> Entries supplied

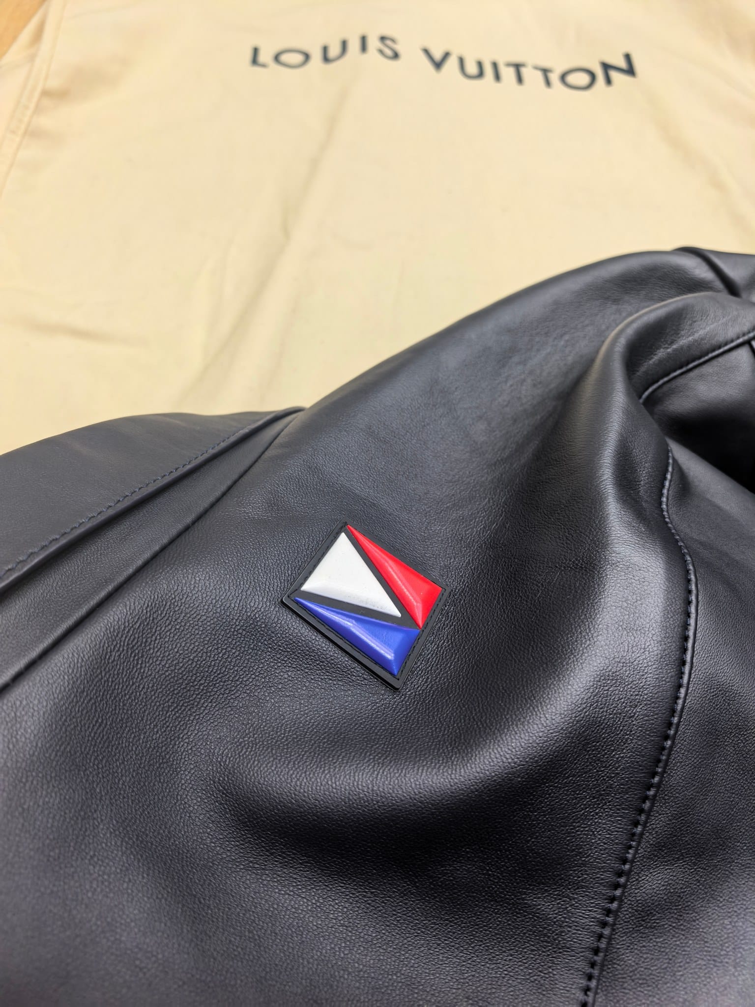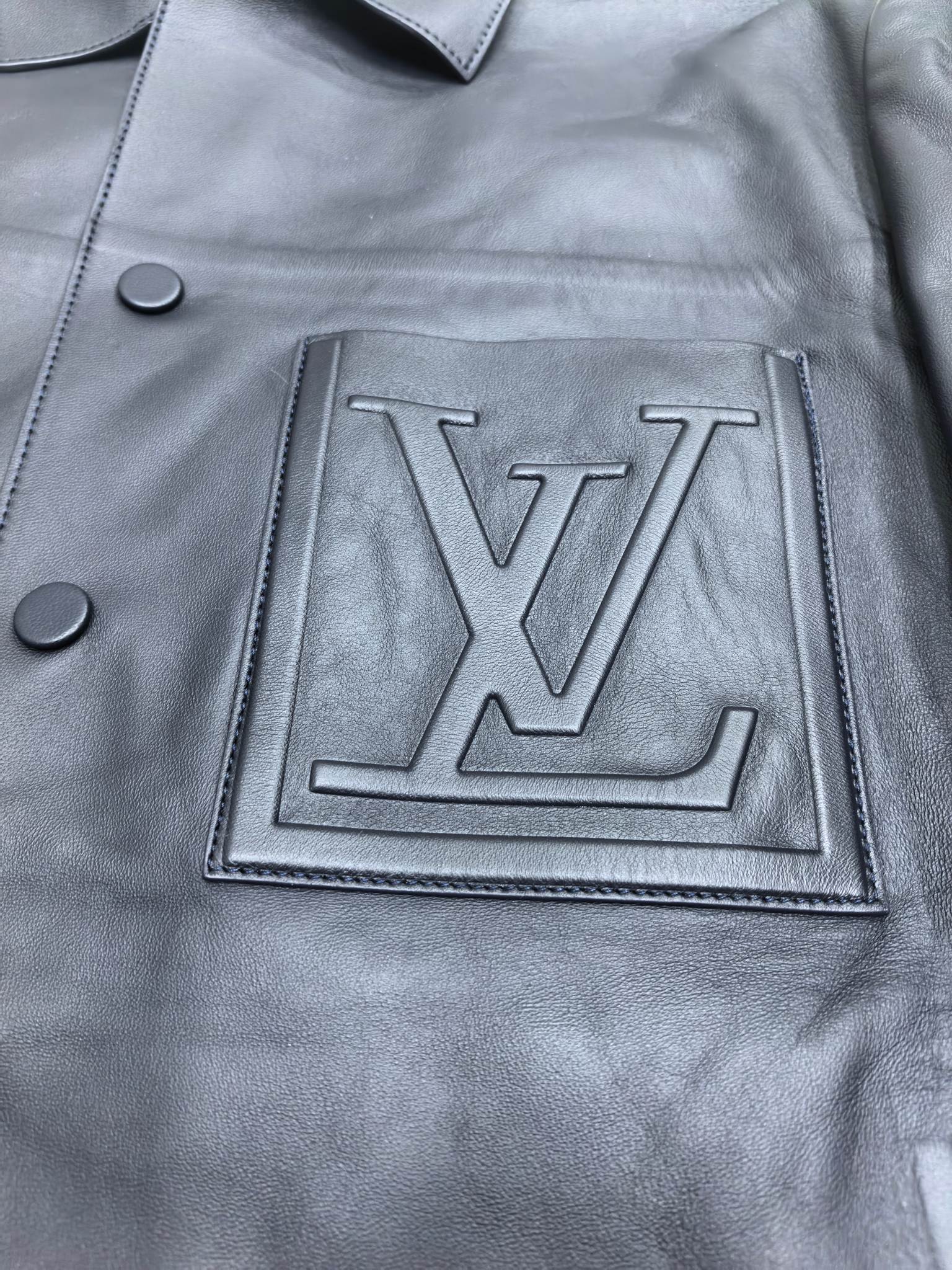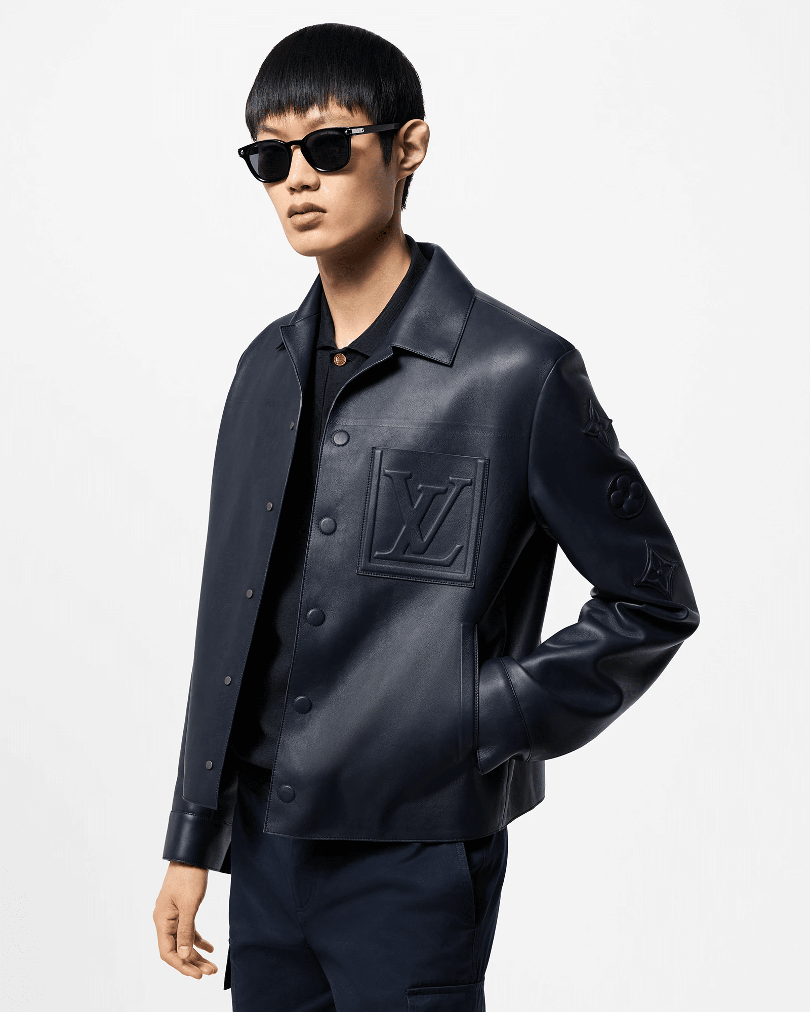 Louis Vuitton의 2025 시즌 남성용 레더 셔츠 재킷. 부드럽고 탄탄한 질감의 천연 수입 양가죽으로 제작되어 클래식하면서도 구조적인 실루엣을 완성했다. 전면의 LV 엠보싱 패치와 소매의 모노그램 엠블럼이 브랜드의 아이코닉한 감성을 담아내며, 고급스러운 네이비 톤이 세련된 인상을 준다.
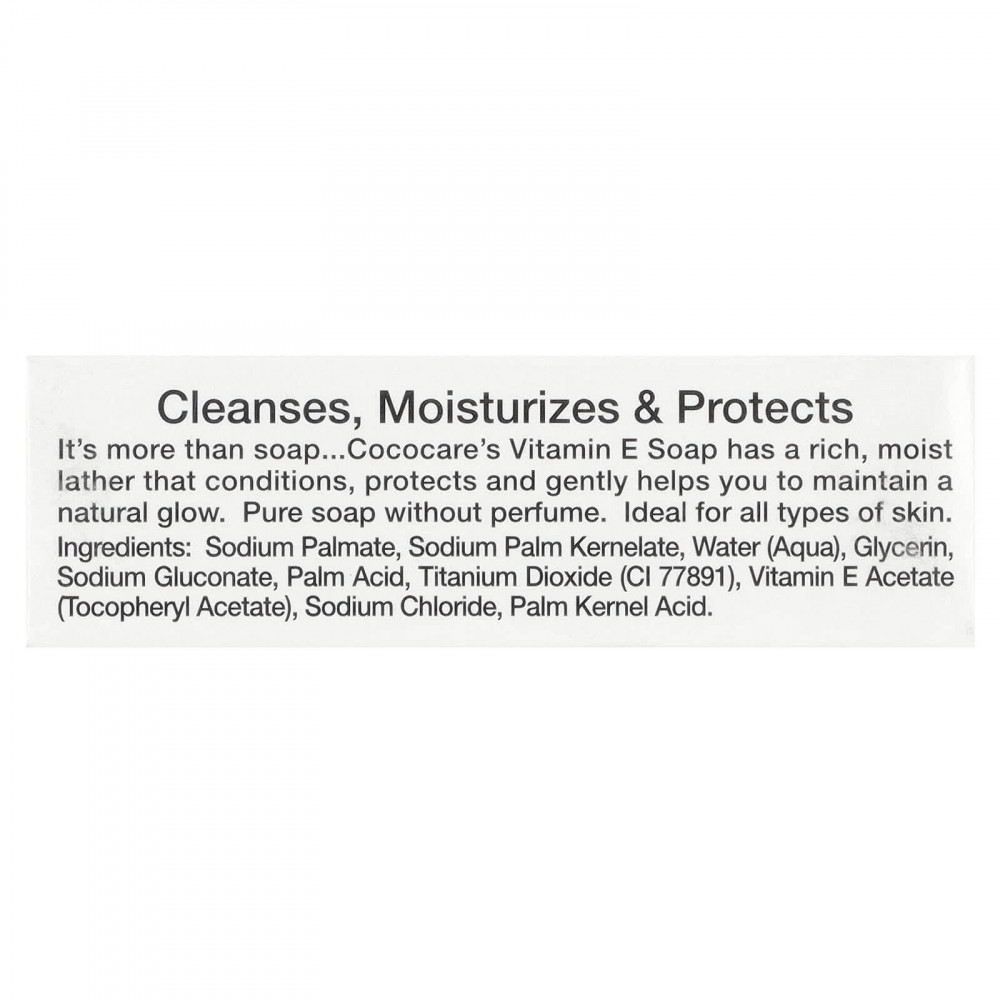 Это больше, чем мыло... Мыло с витамином E Cococare имеет густую увлажняющую пену, которая кондиционирует, защищает и мягко помогает сохранить естественное сияние кожи. Чистое мыло без отдушек. Идеально подходит для всех типов кожи.
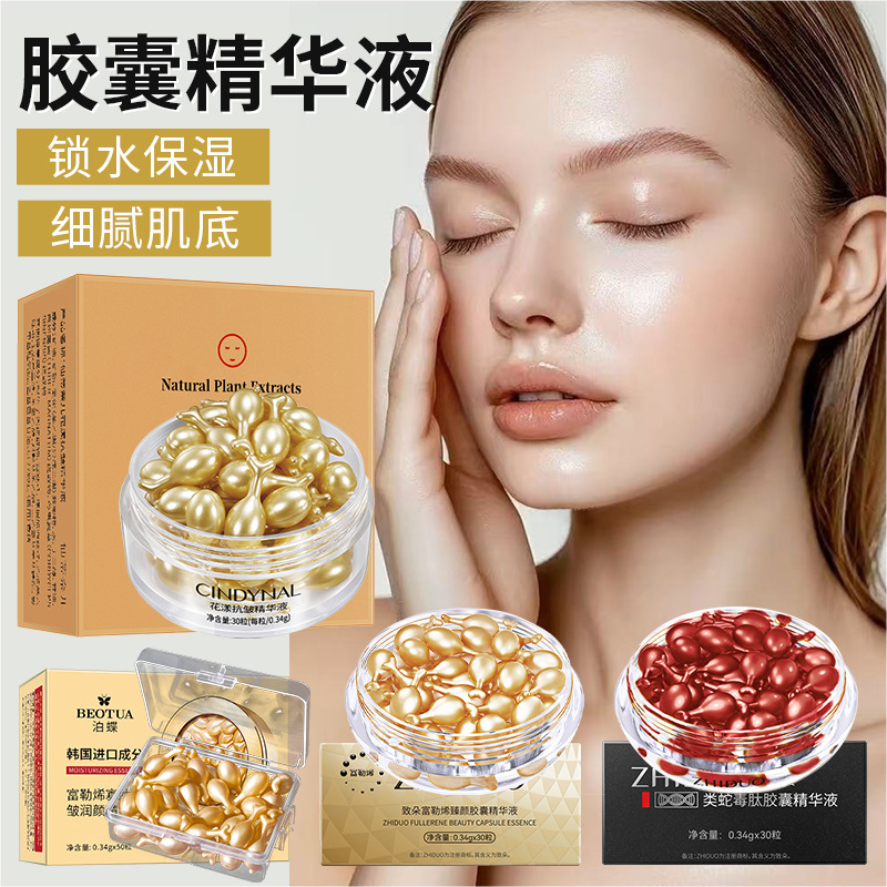 Эссенция против морщин Sentinel Flower 0,34 г x 30 капсул; BEOTUA Butterfly Fullerene Oligopeptide Увлажняющая эссенция против морщин 0,34 г x 20 капсул; BEOTUA Butterfly Fullerene Oligopeptide Увлажняющая эссенция против морщин 0,34 г * 50 капсул; Zhiduo Fullerene Beauty Capsule Essence 30 капсул (0,34 г/капсула); Zhiduo Snake Venomoid Peptide Capsule Essence 30 капсул (0,34 г/капсула)
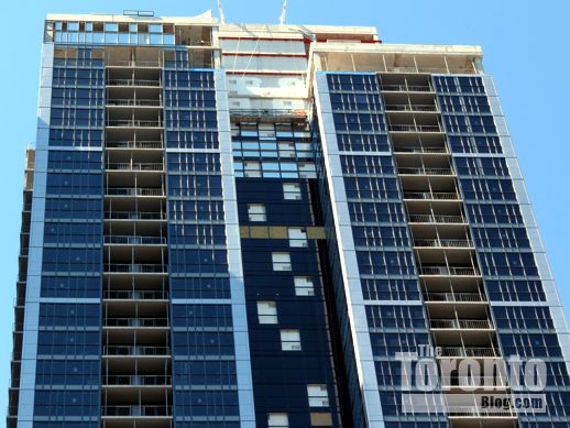 Meanwhile, down at street level, the hoarding that protected the sidewalk along the front of the construction site is gradually being removed. However, work remains to be done on the canopy above the condo’s main entrance, as well as on landscaping in front of the tower.
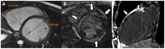 A cardiac MRI showed the following: dilated LV (51/60 mm), non-dilated RV (41 mm short axis) (Figure 6A), global hypokinesia of the LV and RV, more severe at the level of IVS, without dyskinetic areas. The pattern of the LGE revealed inhomogeneous midmyocardial fibrosis of all the walls of the LV in the basal, mid and apical segments, with scattered area of normal parenchyma (Figure 6B,C). The ventricular function is severely altered (LVEF = 23%; RVEF = 25%; EDV/S = 72 mL/m2).
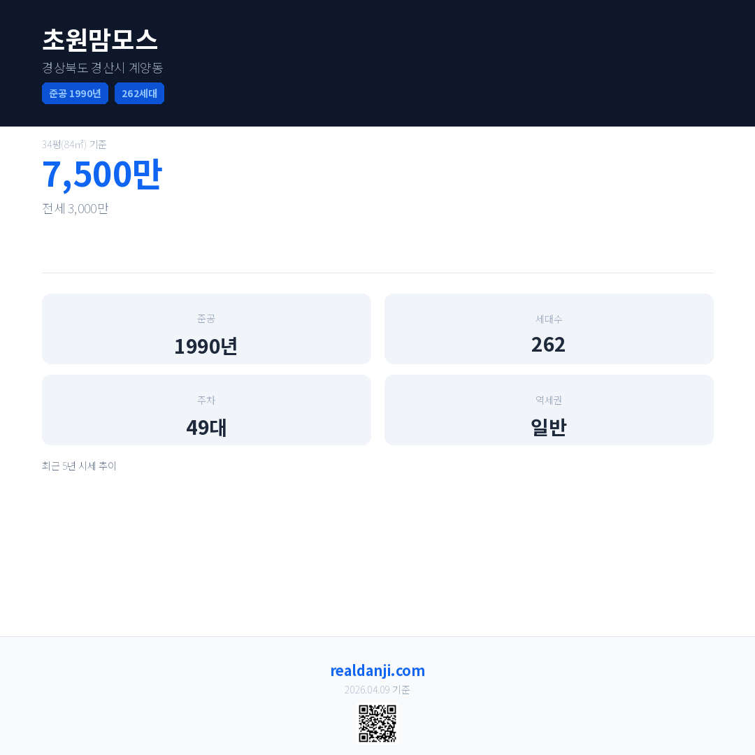 초원맘모스 최근 거래가는 7,500만입니다. (2026-03)
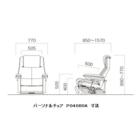 商品説明サイズパーソナルチェアP04080AW770mm×D850〜1570mm×H990〜770mm(SH400mm)材質木部:オーク材成形合板塗装:オープン塗装仕上げ(6色対応)クッション:ウェーブスプリング・ウレタンフォーム張地:革/合皮・ソフトレザー色木部:6色対応ソフトレザー9色対応・半皮8色対応商品説明 ■スライドフットレストメカ機能付きのリクライナーです。
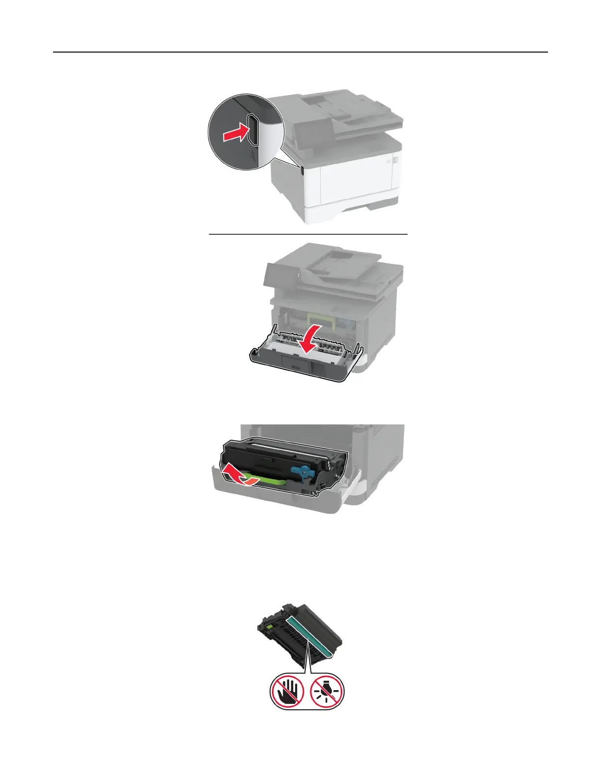 Warning—Potential Damage: Do not touch the photoconductor drum. Doing so may
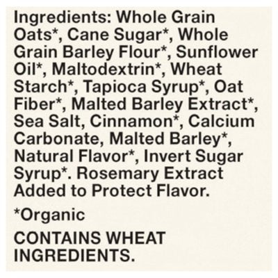 INGREDIENTS: Whole Grain Oats (Organic), Cane Sugar (Organic)Whole Grain Barley Flour (Organic), Sunflower Oil (Organic), Maltodextrin (Organic)Wheat Starch (Organic), Tapioca Syrup (Organic), Oat Fiber (Organic)Malted Barley Extract (Organic), Sea Salt, Cinnamon (Organic)Calcium Carbonate, Malted Barley (Organic), Natural Flavor(Organic), Invert Sugar Syrup (Organic), Rosemary Extract Added to Protect Flavor.
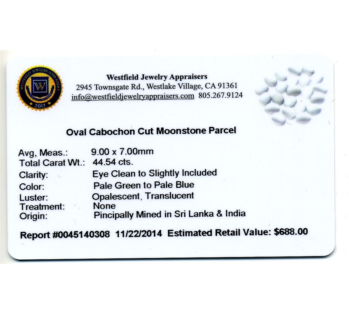 44.54ctw. Oval Cabochon Cut Moonstone Parcel. Westfield Appraised at $688.00.

> What you need to do
Extract from the material above the stretch running from the line containing "Эссенция против морщин Sentinel" through the line containing "Meanwhile, down at". Keep the text exact and the pictures out.

> Exercise answer
 Эссенция против морщин Sentinel Flower 0,34 г x 30 капсул; BEOTUA Butterfly Fullerene Oligopeptide Увлажняющая эссенция против морщин 0,34 г x 20 капсул; BEOTUA Butterfly Fullerene Oligopeptide Увлажняющая эссенция против морщин 0,34 г * 50 капсул; Zhiduo Fullerene Beauty Capsule Essence 30 капсул (0,34 г/капсула); Zhiduo Snake Venomoid Peptide Capsule Essence 30 капсул (0,34 г/капсула)
 Meanwhile, down at street level, the hoarding that protected the sidewalk along the front of the construction site is gradually being removed. However, work remains to be done on the canopy above the condo’s main entrance, as well as on landscaping in front of the tower.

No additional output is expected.